Task instructions: Nothing but the lines from the one with "Dooney & Bourke" through the end of the data should be set down, each exactly as written, and no picture should be included.

Entries taken from a collection:
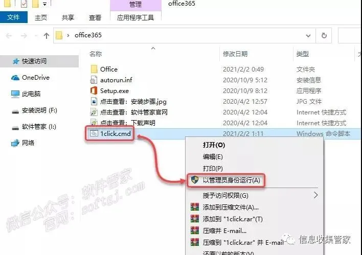 5.打开安装包解压后的【office365】文件夹,鼠标右击【1click.cmd】选择【以管理员身份运行】。
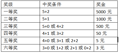 一等獎:投注號碼與“樂善碼”的5個(gè)前區(qū)號碼(順序不限,下同)和2個(gè)后區(qū)號碼(順序不限,下同)相同,即中獎,獎金為5000元;
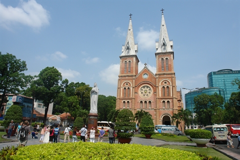 | La cathédrale de Notre-Dame à Hô Chi Minh-Ville attire de nombreux touristes, vietnamiens comme étrangers. |
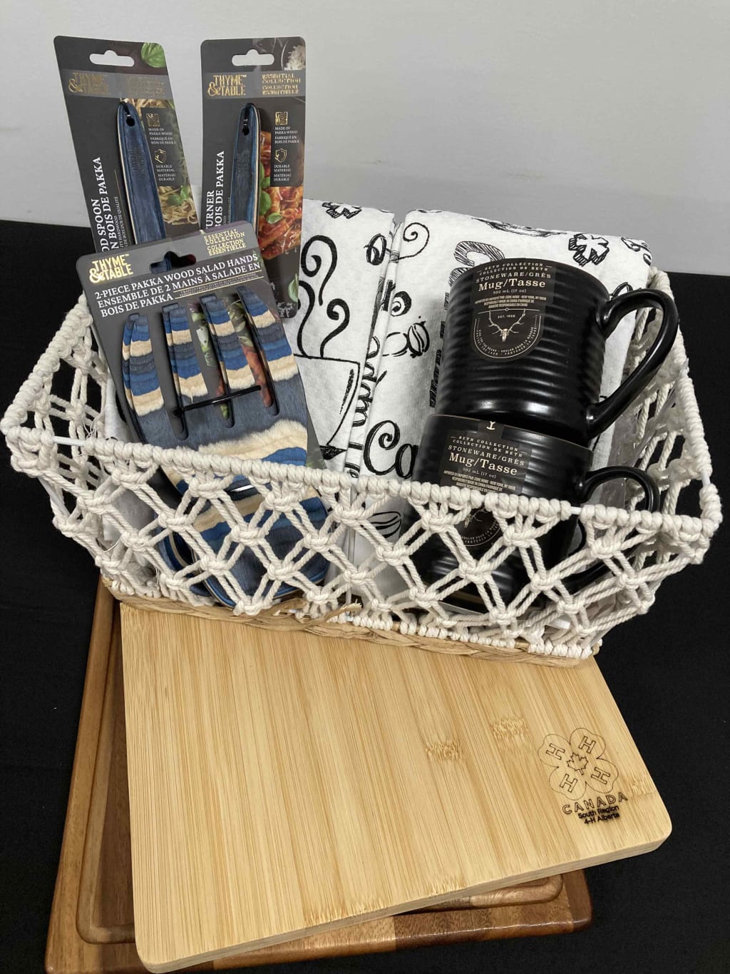 Gift Basket: 2- cutting boards, 2- tea towels, 2- coffee mugs, wooden spoons, salad handles
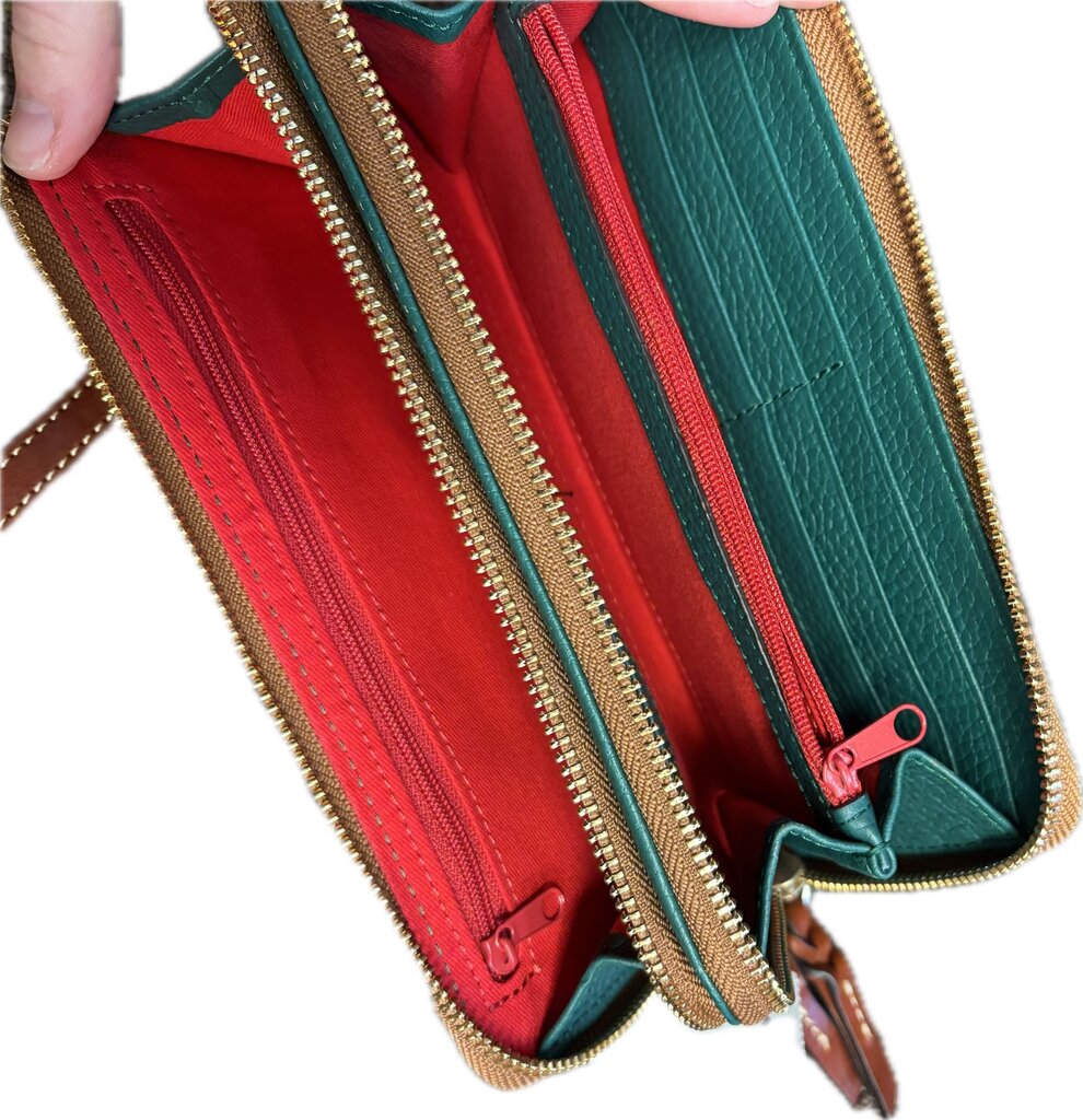 Dooney & Bourke Zip Around Wristlet Women's Designer Handbags Green/ Tan
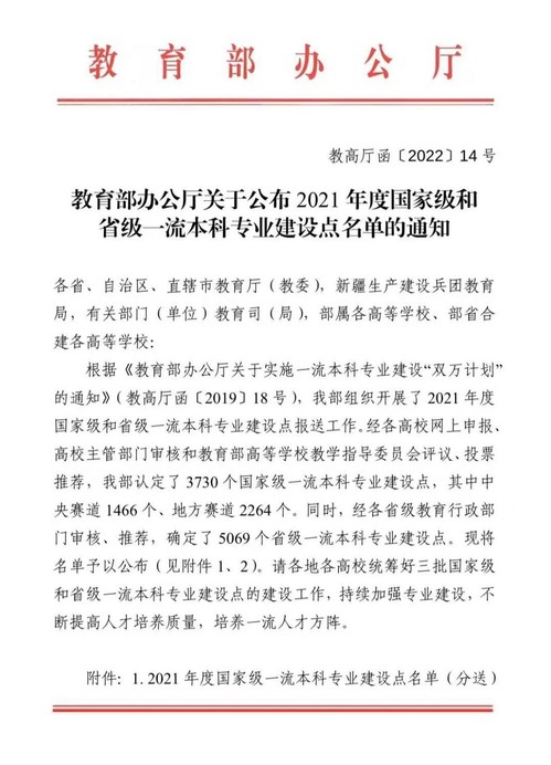 近日,教育部办公厅正式发布了《关于公布2021年度国家级和省级一流本科专业建设点名单的通知》(教高厅函〔2022〕14号)。我院地理科学专业成功入选国家级一流本科专业建设点,成为必发集团welcome欢迎光临2021年4个获批的国家级一流本科专业建设点之一。

Written answer:
 Dooney & Bourke Zip Around Wristlet Women's Designer Handbags Green/ Tan
 近日,教育部办公厅正式发布了《关于公布2021年度国家级和省级一流本科专业建设点名单的通知》(教高厅函〔2022〕14号)。我院地理科学专业成功入选国家级一流本科专业建设点,成为必发集团welcome欢迎光临2021年4个获批的国家级一流本科专业建设点之一。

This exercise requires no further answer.